In the three years leading up to 2000, commercial banks loaned enormous sums of money to telecom, cable and technology companies to finance capital-spending programs. These loans weren't backed by assets, but were based on projections that all three sectors would have sales growth rates several times that of the economy for many years to come.
Last summer it became clear that sales growth would not meet those heady projections. Instead of the 14% growth projected by analysts for telecoms this year, for example, actual sales will shrink. Companies without revenues don't make interest payments. And so by the fall of 2000, OCC teams were forcing regional banks to downgrade loans and reduce business lending.

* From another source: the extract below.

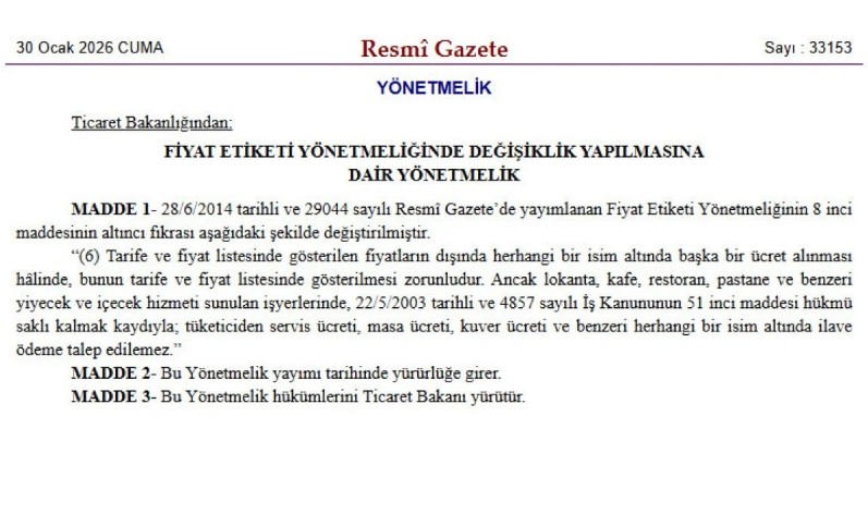Ticaret Bakanlığı tarafından hazırlanan ve restoran ile kafelerde servis ve kuver ücretini yasaklayan yönetmelik değişikliği Resmi Gazete’de yayımlanarak yürürlüğe girdi. Kararla birlikte, işletmelerin tarife ve fiyat listelerinde yer almayan herhangi bir ücretin tüketiciden talep edilmesi engellendi.

This is how the Clinton administration artificially pumped up the economy in the late 1990s to help stave off impeachment. It has been obvious to me since early last year that something fishy was going on, I just couldn't figure out what it was. Clearly the White House was giving orders to the bank regulators to pump as much capital as possible into the tech sector. Eventually even the Clinton-appointed bank regulators realized they were headed off a cliff and started tightening up lending standards. This instantly reduced the book value of thousands of highly leveraged companies. As in all such tightenings, the regulators got carried away and now even legitimate businesses cannot borrow money. Clinton himself couldn't have cared less, he avoided impeachment and knew he would be long gone by the time the true impact of the tightening was felt.
The really bad news is that most of the heads of the bank regulatory agencies are Clinton holdovers, and there are dozens of bureaucrats in these agencies that were hired in the last 8 years.
Aldrich speaks from the grave.
In fact, banking on "future sales" is exactly what EVERY new company does. Virtually no new venture has assets. Berry Gordy started Motown Records with $500 and no assets. C. W. Post was broke when he started Post cereals.
What happened? The telecom markets STOPPED growing. But why? There was no demand for faster, and better, information. There certainly is no glut here, where I can't even get past a 56k Modem. No, what happened is that you have a "knot in the hose." You have flowers that need the water at one end (new companies) and you have plenty of water at the other (new technologies in rapid data transmission, computerized video, MP3 technology) but there is a blockage in delivering the info. This is---and there are different explanations, I'll admit---because the Baby Bells have the technology, but not the authority, to open their wire to digital info; and the local telecoms have the authority, but not the wire.
There is also a massive shortage of VENTURE capital, which the author seems to confuse with the "money supply." WE DO have a deflation in the money supply, but even before this there was a drying up of telecom venture capital---likley due to the factors I mentioned above.